D-
Coincidences are essential components in fine comedy—just think of Shakespeare, or Mozart’s “Figaro.” But if you pile too many of them together, the result is an unwieldy mess. And that’s just one of the problems with “You Again,” a perfectly awful movie about old high school enmities resuscitated during a wedding celebration. How bad is it? If it were a new TV sitcom, it would be cancelled after a single episode.
The set-up is that successful PR executive Marni (Kristen Bell) goes home for the wedding of her older brother Will (Jimmy Wolk), only to discover that the girl he’s marrying is none other than Joanna (Odette Yustman), the mean girl who made her life miserable in high school. To make matters worse, Joanna is now pretending to be the sweetest thing on the block, and has become the darling of Marni’s parents Gail (Jamie Lee Curtis) and Mark (Victor Gerber). And she pretends not even to recognize the girl she tormented.
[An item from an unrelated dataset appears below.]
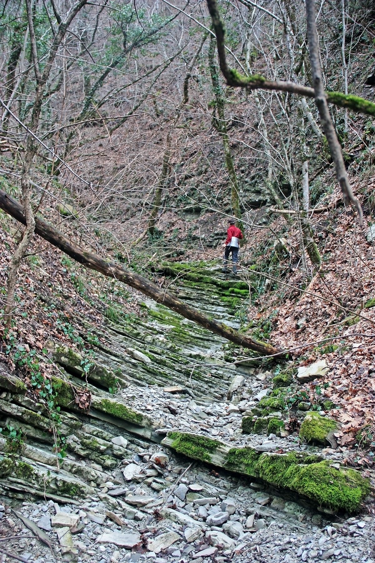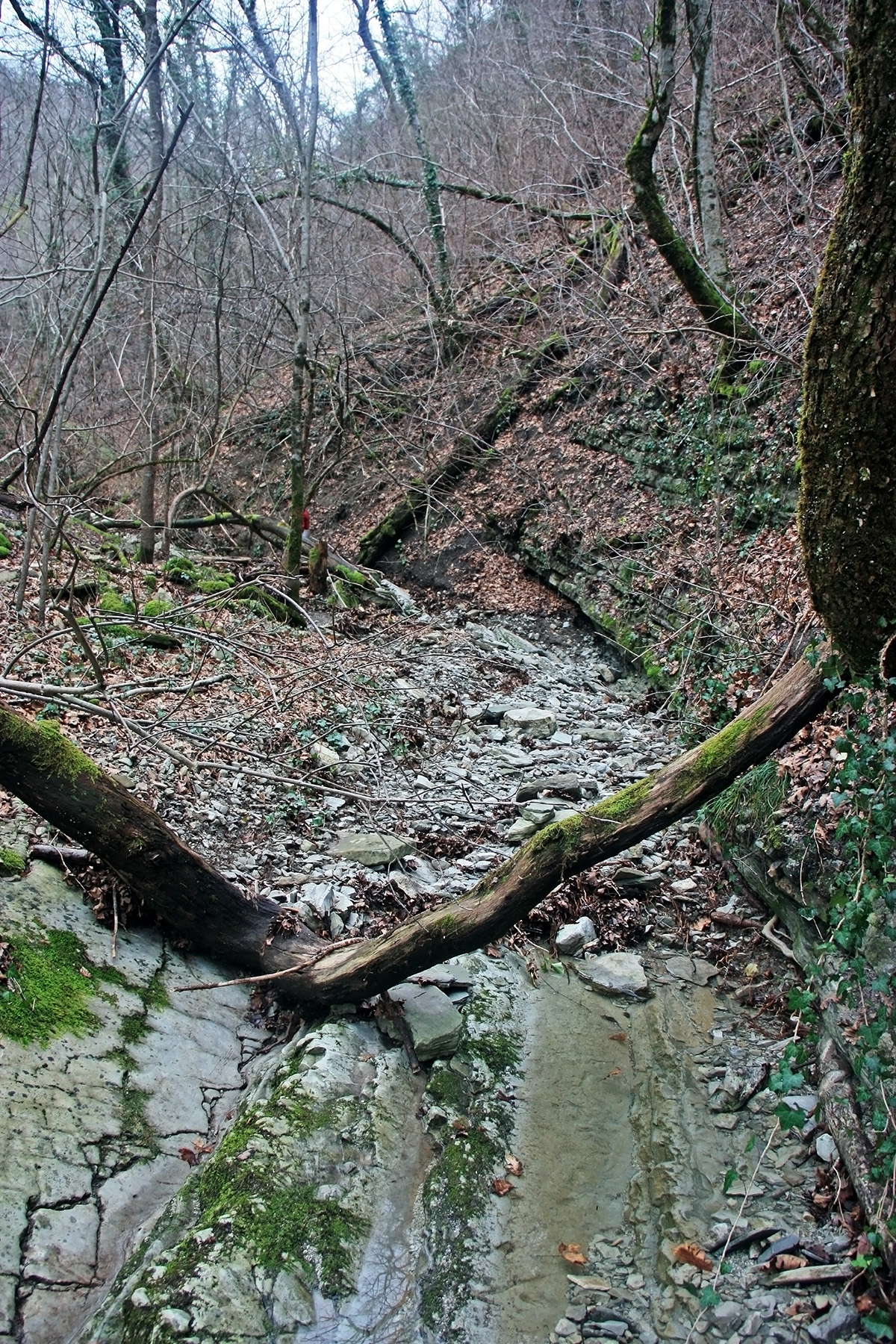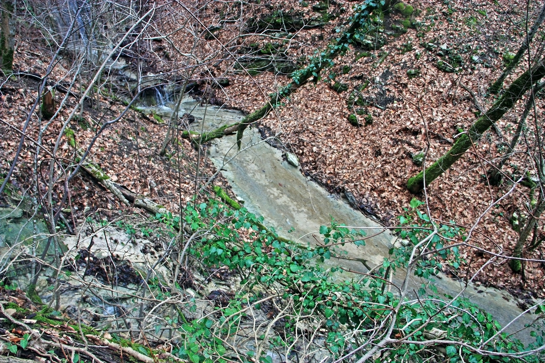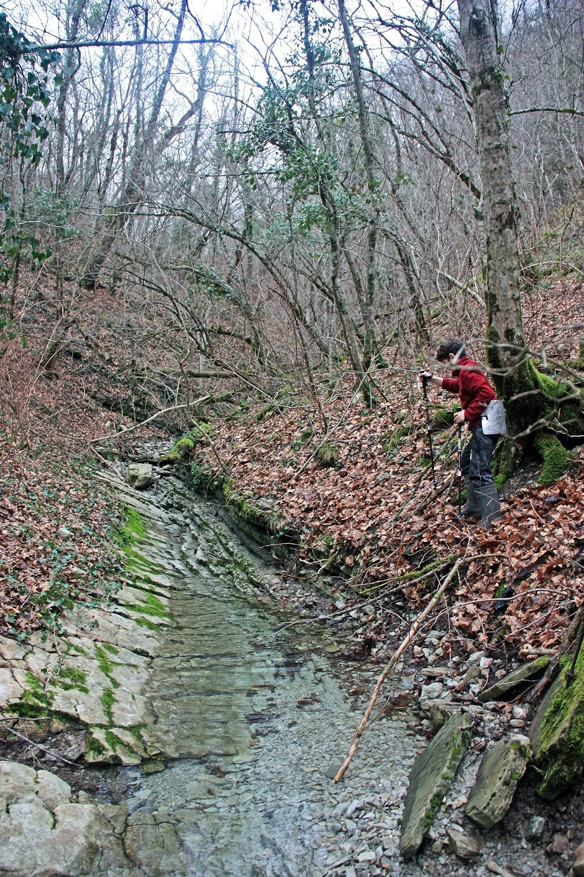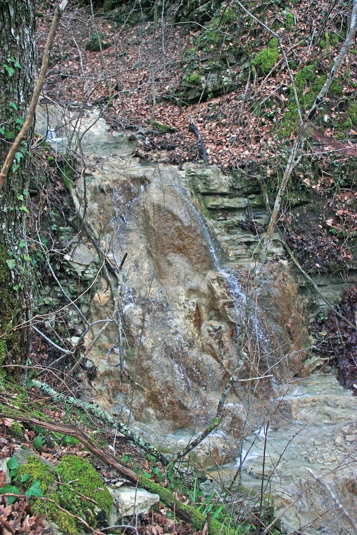 В 12-28 прошли место впадения правого притока. Такого же сухого, как и основное русло. Через пару минут выходим на участок, где слева (правый борт ущелья) сплошная скальная плита, с наклоном 30-35 градусов. Присыпана осенними листьями и поросла мхом. На удивление, на плите растут деревья. Русло под ногами становится «ребристым». Приходиться идти по рёбрам скальных плит, которые сточила вода.

Okay so far, even if it’s hardly the greatest premise in the world. But when Joanna’s aunt Ramona (Sigourney Weaver) shows up—a rich, sophisticated hotelier—she turns out to be Gail’s onetime BFF in high school, though they had a terrible tiff at senior prom and haven’t spoken since.
What follows is a double track farce. On one track, Marni aims to unmask Joanna for the nasty person she is and thereby derail her brother’s plan to marry her. On the other, plain mom Gail tries to compete with the now smooth, confident and voluptuous Ramona. Both of these plot lines are supposed to be hilarious, but they’re filled with such lame confrontations, clumsy slapstick and idiotic twists that they’re crushingly annoying rather than amusing.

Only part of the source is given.